Hinzu kämen grundsätzliche Überlegungen: Die Verantwortlichen im IKZ hätten von der Observierung ihres Gebäudes gewusst. „Holt man sich dann kurz vor einem Anschlag solche Leute ins Haus?“, fragte Kiprowski und beantwortete dies gleich selbst: „Unwahrscheinlich.“ Dasselbe gelte für die Frage, ob Terroristen kurz vor einem Anschlag ausgerechnet zum Freitagsgebet in eine Moschee gehen würden, wo sie Spitzel der Polizei fürchten müssten. Keine der bisher bekannten Attentäter von Mumbai über Madrid und London bis Paris hätten so gehandelt.

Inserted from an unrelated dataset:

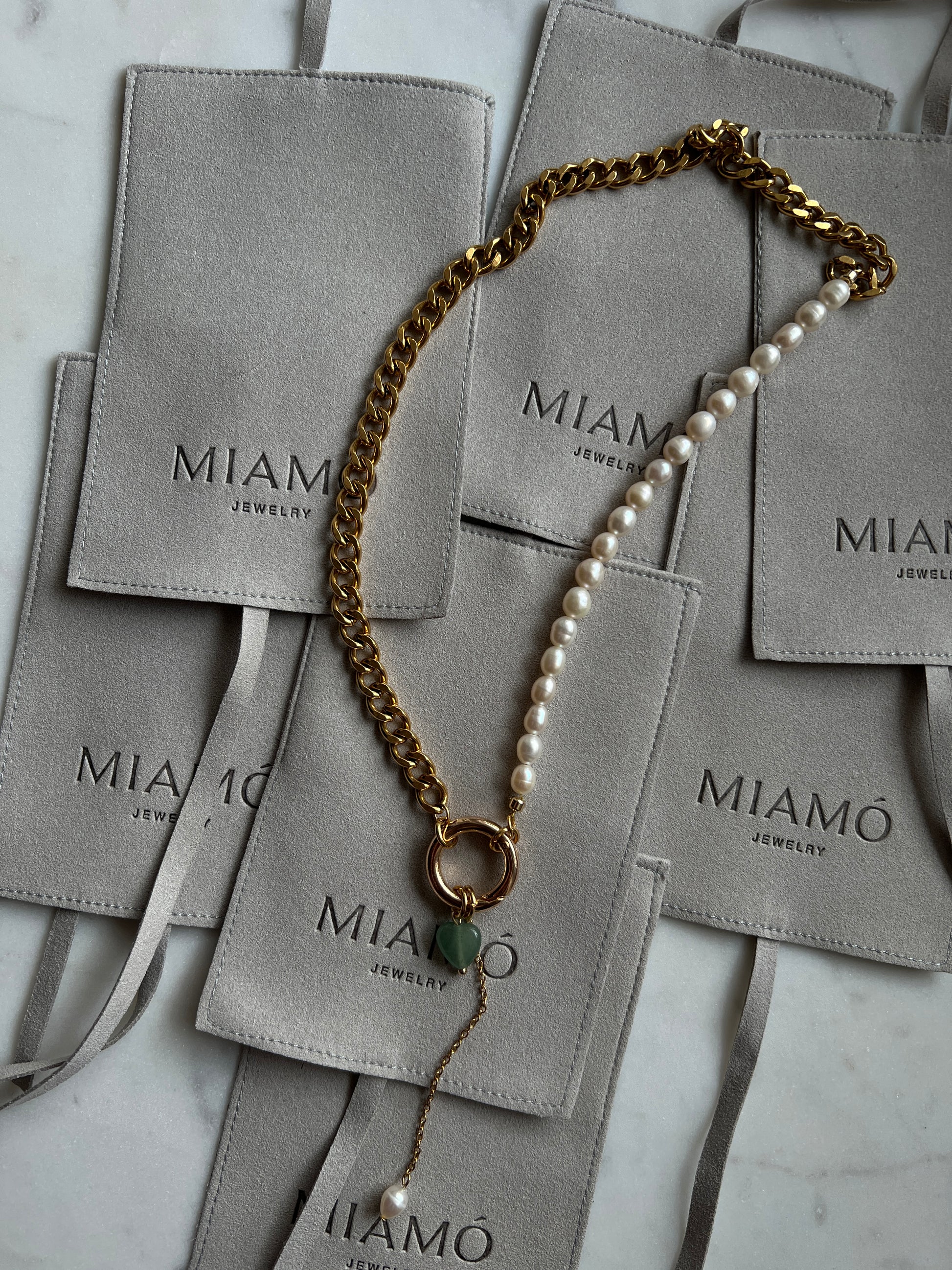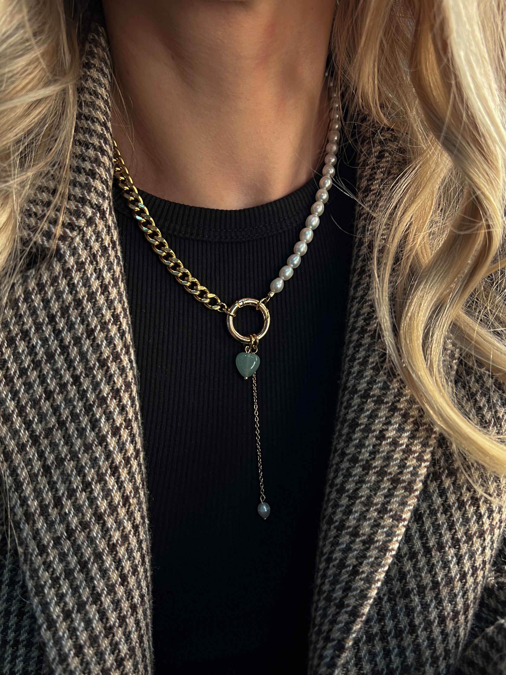 Combination necklace with freshwater pearls, stainless steel and 2 charms

Völlig auszuschließen sei ein solches Szenario dennoch nicht gewesen, aber in der Bewertung wurde das IKZ nur als „Nebenspur“ eingestuft, erläuterte Kiprowski. Das Hauptaugenmerk der Polizei habe zu diesem Zeitpunkt auf einem verdächtigen Brüderpaar gelegen.

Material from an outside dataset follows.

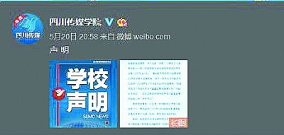 5月20日是四川传媒学院20周年校庆。当晚,四川传媒学院通过官方微博就朱航反映的“侵权”行为发出了第一份回应声明,声明中提到“目前事件尚在调查阶段”,学校会“尊重法律,绝不回避问题”。对此,朱航说,《翩翩起舞的姑娘》是自己的毕业作品,和7名同学担任主创并共同出资拍摄完成。自己是该片的唯一编剧和唯一导演,校方全程从未有过任何形式的参与。

Innensenator Ulrich Mäurer (SPD) habe trotzdem auf eine Durchsuchung des IKZ gedrängt, bestätigte der Polizeiführer entsprechende Nachfragen aus Reihen des Ausschusses. Menschlich nachvollziehbar, so Kiprowski. Er bekannte, selbst den stillen Wunsch zu hegen, „da öfter mal nach dem Rechten sehen zu dürfen“. Doch der Wunsch des Innensenators sei von der Rechtslage gestoppt worden. „Wir hatten zu dem Zeitpunkt keine Rechtsgrundlage für eine Durchsuchung.“

Dies habe Mäurer nicht gefallen, bestätigte Kiprowski. Den Versuch mehrerer Ausschussmitglieder, daraus eine politische Einflussnahme des Innensenators abzuleiten, wies er jedoch zurück. Ebenso die Mutmaßung, Mäurer hätte mit seinen Vorgaben den gesamten weiteren Fortgang des Einsatzes quasi gegen die Erkenntnisse der Polizei bestimmt.

Wie der Leiter der Abteilung Staatsschutz bei der Polizei, Derk Dreyer, dies sieht, ist am Donnerstag Thema im Untersuchungsausschuss.